Following a heads of agreement announced in August, Optus and Vodafone said they were the first mobile operators in Australia to finalise an agreement to build and operate a joint national 3G radio network, sharing more than 2,000 base stations nationally.

The move underlines the increasing competitiveness of the 3G market, with Hutchison already operating a service and Telstra planning to have its network up and running by July 2005.

The telecommunications heavyweight is finalising an agreement to share Hutchison's network in an AU$450 million deal.

Allen Lew, managing director, Optus Mobile said the Optus-Vodafone agreement was expected to significantly reduce network cost.

"By bringing together the resources of the Optus and Vodafone teams, we are able to share the costs of the network enabling us to roll out faster and deliver efficiencies to both our businesses," he said.

Lew added they are planning to launch the network in the third quarter of 2005. He also announced that they have already finalised the radio plan and has started constructing the network.

Grahame Maher, the chief executive officer of Vodafone Australia said both companies will roll out a network of 3G sites, initially in Sydney, Melbourne and Canberra followed by Brisbane, Perth, Adelaide and other regions.

Maher added that the joint venture will "minimise community and environmental impacts" since they will be re-using existing sites from the combined pool of existing Optus and Vodafone 2G sites. Maher said only 20 percent of the 2,000 base stations will be new, decreasing the number of greenfield sites required.

Andrew Smith has been appointed as chief operating officer to lead the newly created joint venture executive team. Smith will be stepping down from his current position of director for mobile networks at Optus.

The agreement to share network infrastructure encompasses both co-located sites and shared network sites. The network installed on shared sites is to be held through an unincorporated joint venture between the parties.

A co-located site is where Optus and Vodafone share a single set of 3G antennas and feeders and co-locate the two carriers' 3G base stations in a single equipment shelter. This type of site will be deployed in the inner areas of Sydney and Melbourne.

Shared network sites use a single set of 3G antennas and feeders and share a 3G base station.

Lew announced that both Optus and Vodafone will each own a 50 percent interest in the assets, have access to 50 percent of the capacity and share the cost of building and operating the network.

He added that both carriers will need AU$300 to AU$350 million each for a 50 percent share for the joint venture, which will amount to around AU$600 million to AU$700 million.

Nokia will provide the 3G Radio Access Network equipment as well as provide project management services to the project office of the joint venture. Nokia will also be providing the Multi-Operator Radio Access Network (MO-RAN) technology to enable the sharing of 3G base stations by the two independent operators.

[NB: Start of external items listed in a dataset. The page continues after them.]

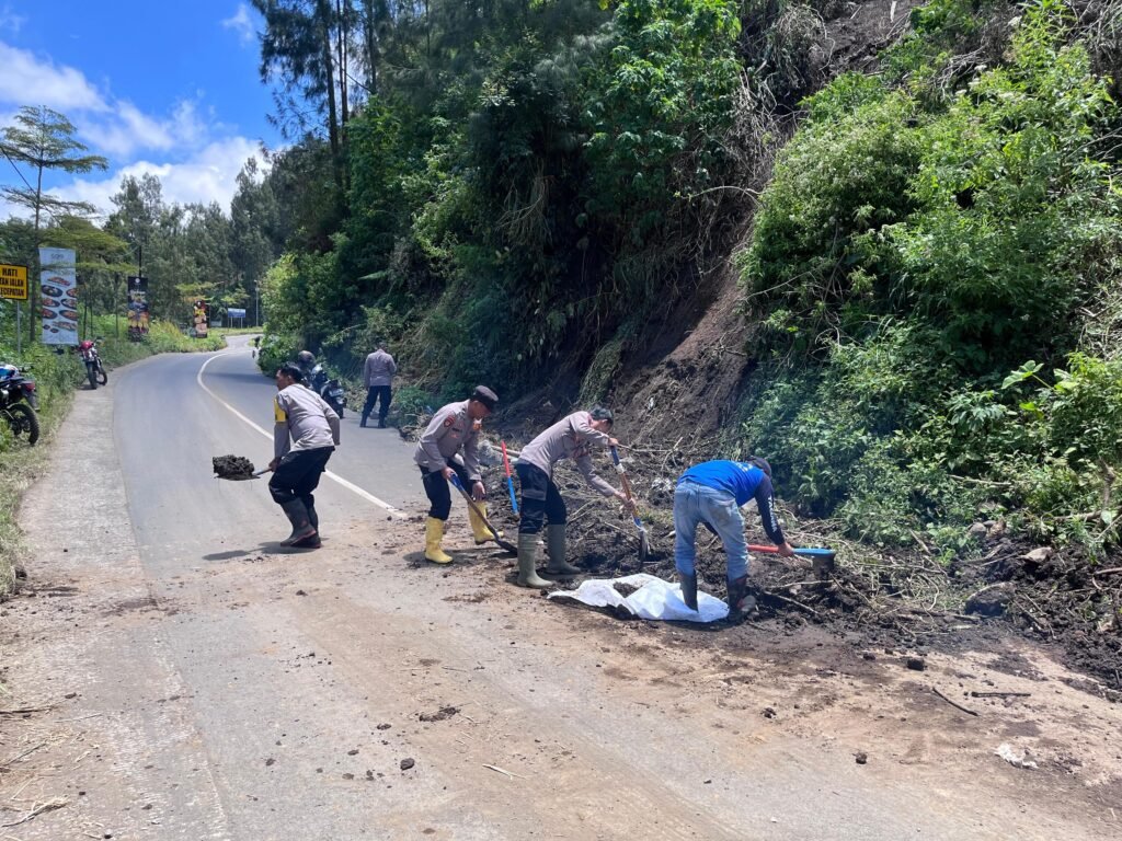 Anggota kepolisian bersama warga sekitar, bahu-membahu membersihkan material longsor agar kendaraan dapat melintas kembali di jalan tersebut.
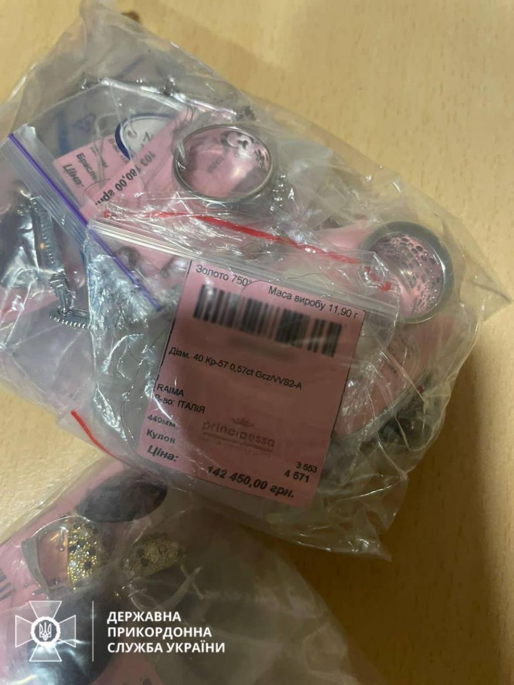 У результаті в кишенях та на тілі осіб виявили близько 100 поліетиленових пакетів із золотими прикрасами разом з цінниками.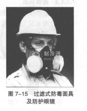 正確選擇和合理使用個(gè)人防護(hù)用品是預(yù)防職業(yè)傷害、保證人身安全和正常生產(chǎn)的重要措施。這些器材用于頭部防護(hù)、眼睛和臉部保護(hù)、呼吸保護(hù)、聽力保護(hù)、手部保護(hù)、足部防護(hù)等(圖7-14和圖7-15),一般包括防毒面具、防毒衣、手套、合成圍裙、面罩、防塵口罩、空氣過(guò)濾呼吸罩、防護(hù)眼鏡、工作靴等。在此對(duì)部分常見防護(hù)用品介紹如下。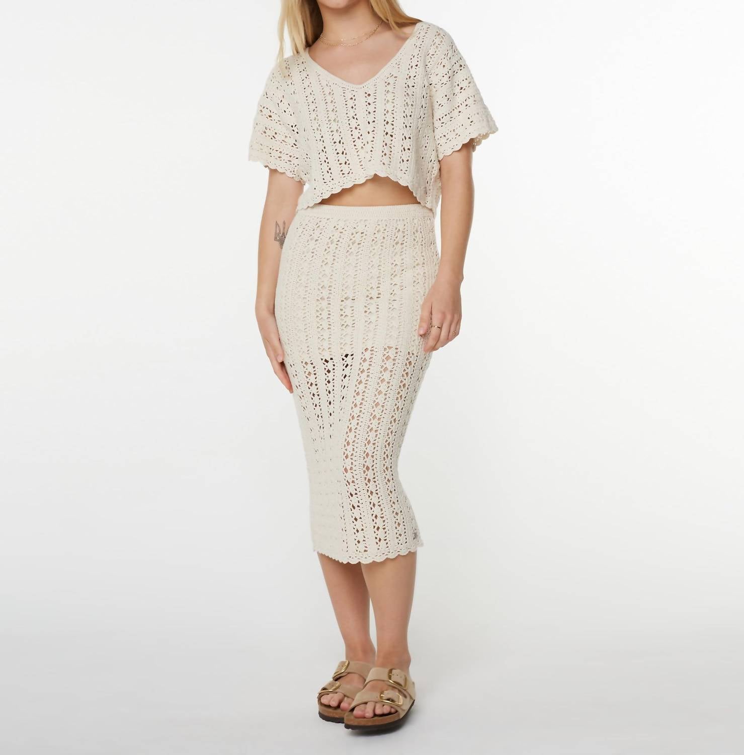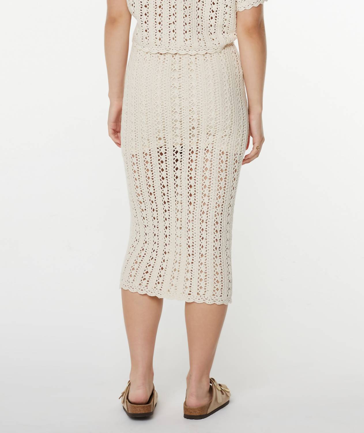 Tuck your favorite tee into this midi length skirt for an effortlessly cool look. Elevate your summer wardrobe with the Sea Swirl Crochet Skirt by ROXY in Parchment Solid. This women's midi skirt is crafted from cotton, featuring a textured design for a chic vacation look. It offers a pull-on closure for effortless wear. Care instructions include machine wash and tumble dry for easy maintenance.

Optus estimates the cost of independently rolling out 2,000 3G base stations to cover Sydney, Melbourne, Canberra, Brisbane, Perth and Adelaide to be approximately AU$435 million. Under the joint venture, Optus estimates its capital expenditure will be reduced by AU$100 million in the first three years, compared to a "do it alone" approach.

Operating expenditure for maintenance, operations and site leases is expected to be reduced by approximately AU$10 million per year.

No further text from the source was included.